21st of July 2007: Points North and West

On the recommendation of Gilbert, I went to the bus station rather than walking out of town (it could have taken up to two hours to get to the Route 17 exit). I had a half-hour wait before the first bus, but when I asked the driver if he ran out to Route 17 he immediately deduced that I was hitching and warned me that Sudbury was a pretty bad place to start.

Nonetheless he dropped me at the best spot on his route next to the highway, refused to let me pay for the journey and even tracked down and radioed another driver who would pass through that area later to move me along to a better spot if I hadn't found a ride - and gave me a free ticket for that journey too.





The advice turned out to have been correct - Sudbury was a rotten place to start from. It took me from 06:45 to about 09:30 to get my first ride.

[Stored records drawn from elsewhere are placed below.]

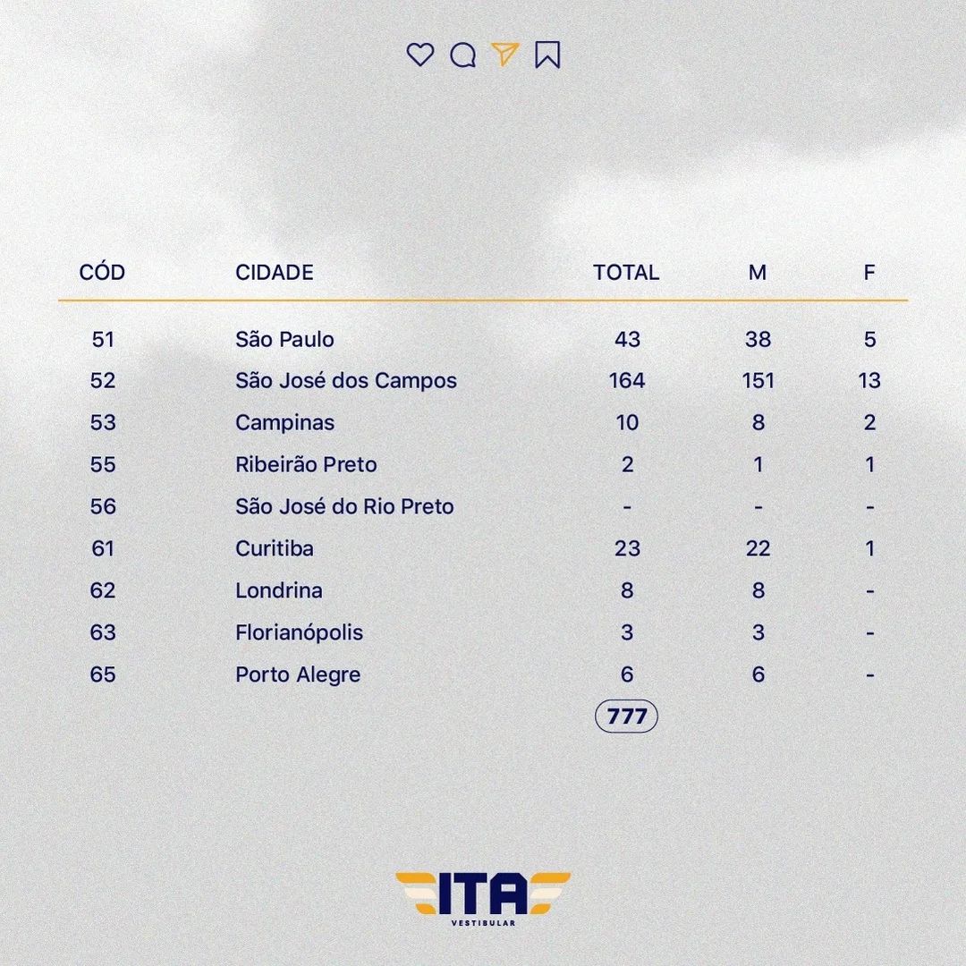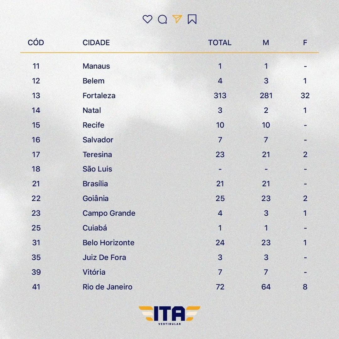 Segundo o ITA, Fortaleza foi cidade com maior número de aprovação do Brasil. Em seguida vem São José dos Campos, com 164 dos alunos aprovados. O Rio de Janeiro aparece com 72; São Paulo registra 43.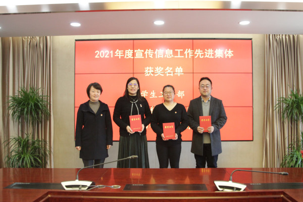 最后,陈谊对获奖部门、集体和个人表示热烈祝贺,对全体宣传信息工作者在2021年所取得的工作成效予以肯定,正是因为大家勤于“笔耕”才使得学院建设发展成效及时得到了宣传报道,产生了良好的社会影响力。强调思想文化和意识形态工作是2022年学院工作重点之一,要从五个方面“下功夫”:一是提高政治理论水平,厚植职业素养。要把提高思想政治理论水平和职业教育相结合,以高度的政治责任感、坚定的政治站位,弘扬正能量,做好新时代党的宣传思想工作。二是提升统筹谋划的履职能力。要提高全局意识,强化整体思维,围绕学院中心工作开展宣传报道,展现通力合作推动学院各项事业高质量发展的精气神。三是牢牢守好主阵地。要始终坚持党对宣传思想工作的领导权,坚持正确的舆论导向,全面掌握师生思想动态,严格守牢课堂教学主阵地、校园文化阵地和网络阵地,以党建引领教育,做好思想文化宣传工作。四是创新宣传思想品牌,扩大学院影响力。要充分用好用活“一支部一品牌”“一系部一品牌”形成的有力机制,继续提升信息宣传质量,创新宣传工作模式,深挖典型案例,加大社会宣传力度,讲好“上农”故事,进一步提升社会影响力。五是一以贯之不断提升工作质量。要持续加强学习掌握新知识,拓宽新视野夯实本领,不断增强脚力、眼力、脑力、笔力“四力”,提高学院信息宣传的质量和实效,助推学院“双一流”建设和“十四五”规划落地生效,进一步提升学院社会知名度、美誉度,树立学院良好形象。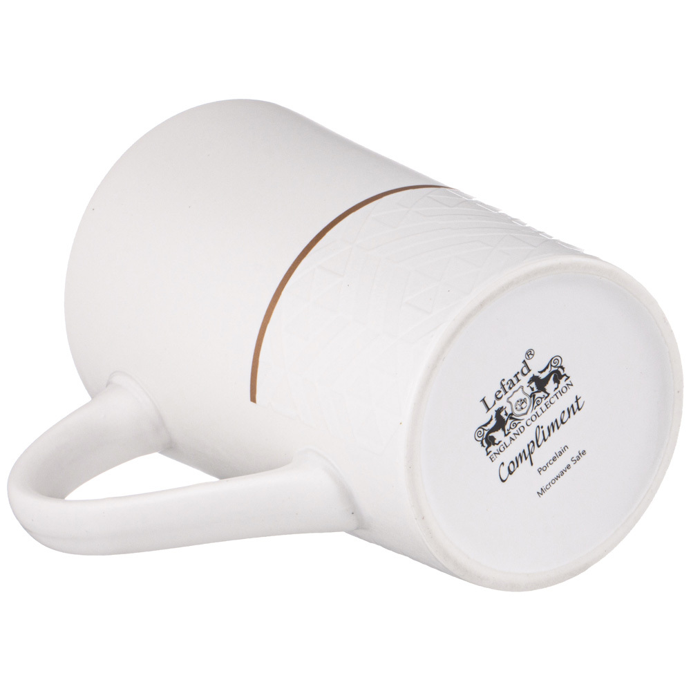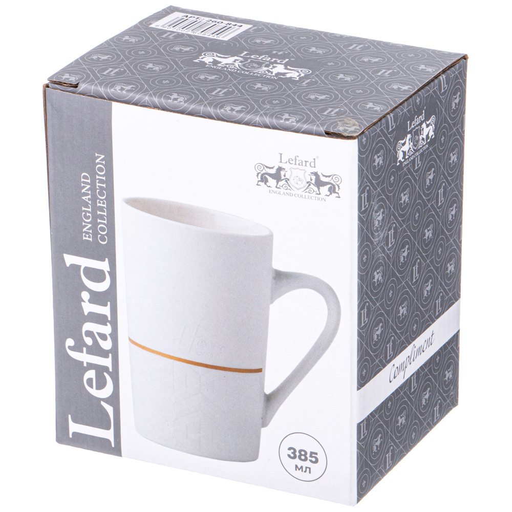 Кружка TM Lefard с лаконичным дизайном имеет удобную ручку и отличный объем 380мл. Кружка изготовлена из качественного фарфора. Отличный выбор для подарка. Продукция сертифицирована и безопасна для контакта с пищевыми продуктами.

At about 09:00 two other hitchers, much more lightly packed, came out of town, corrected my technique (make the rucksack more visible, if they can see you have good stuff they're more likely to believe you're a real hiker) then walked on along the shoulder to find a more promising spot. I was about to follow them when a black van pulled up, and I was rescued by David, a handyman from the nearby housing complex who was on his way with a vanload of tools to break up a car his brother had found for parts.

He wasn't going far but he dropped me at a more promising location a few miles along where the highway and a bypass met, offered to buy me coffe and when I insisted I was already buzzed from Tim Hortons' fine product forced a bottle of Powerade and two packs of Mentos on me instead.

The new spot was great - within ten minutes of relaxed thumbwork I was picked up by Tanya in her rather wellworn and wheezing white compact. Tanya was in her thirties, very kindly, bubbly and constantly excited, had two kids whom she adored, a wonderful ten year old boy and a beautiful seven year old girl, and she had started her own charity with the aim of stopping child sexual abuse (I had seen the billboards earlier).

She was going to take the kids to Disneyland this year and Hawaii the year after, and if anyone ever touched her children she was going to stab him with a blunt plastic butter knife because she wanted it to really hurt and she was working as a mental health nurse and her son had 42 pets because she just couldn't say no to him, not ever.

Tanya dropped me at a motel by the turnoff to her town, and I thumbed for about half an hour before Jerry arrived. Jerry was a classic Canadian rock dude in jeans and flip-flops, terminally laid-back, and driving a severely dented and worn Chevy pickup with custom blue metallic gear knob and pedals.

He was also, as it turns out, about to run out of petrol, due to the taped-off concrete patch I was standing next to which should have been a petrol station (and had been the last time he came through). We rode for a good few miles towards Jerry's hometown of Elliot Lake, the only sound the Millencolin album blasting out of the CD player as we both willed the engine to finish one more revolution.

When the pickup finally rolled to a hault on the shoulder, Jerry hitched up the road to get a can of petrol while I watched the car. It was stunning weather by now, endless acres of that incredible blue sky over head with just the occasional flat cloud drifting over, and the crickets were filling the air with a flat electrical hum.

When Jerry got back he took me round the backroads of his hometown "Man, we're so late anyway, my friends all worry whenever I get lost of run out of gas, they'll probably think I'm dead or something" "So this happens a lot?" "Oh ya, man" he gestures at the petrol can in the back "I've got, like, a collection of these things, I should probably keep some in the car, huh?" We had one exciting moment when my door opened as we turned left "sorry dude, it does that sometimes" and then he dropped me by a restaurant on the road out of town.

I had a long wait on that road, which was quiet, before I was picked up by Gloria, who was Ojibway, had a family with two kids after a series of failed and tempestuous relationships, and was doing okay now with her wonderful husband Chris. She dropped me by the park where she was picking one of her kids, having taken me half the remaining journey, and the last stretch was courtesy of Gary, a retiree travelling into Sault Ste Marie (my destination for today) in his classic original Winnebago campervan.

Gary was accompanied by his beautiful Nova Scotia golden retriever Meryl, "the only real Canadian breed of dog", a friendly animal who spent most of the journey hanging her head over the seats and paddling about in the back of the van, paws clicking. His wife was following behind in the car and they were going to a wedding in the Sault.


Gary dropped me in the centre of town and I walked back to the Algonquin Hotel, where I got a single room for $28.00, dumped my gear with enormous relief, wrote up last night's post and fell into bed.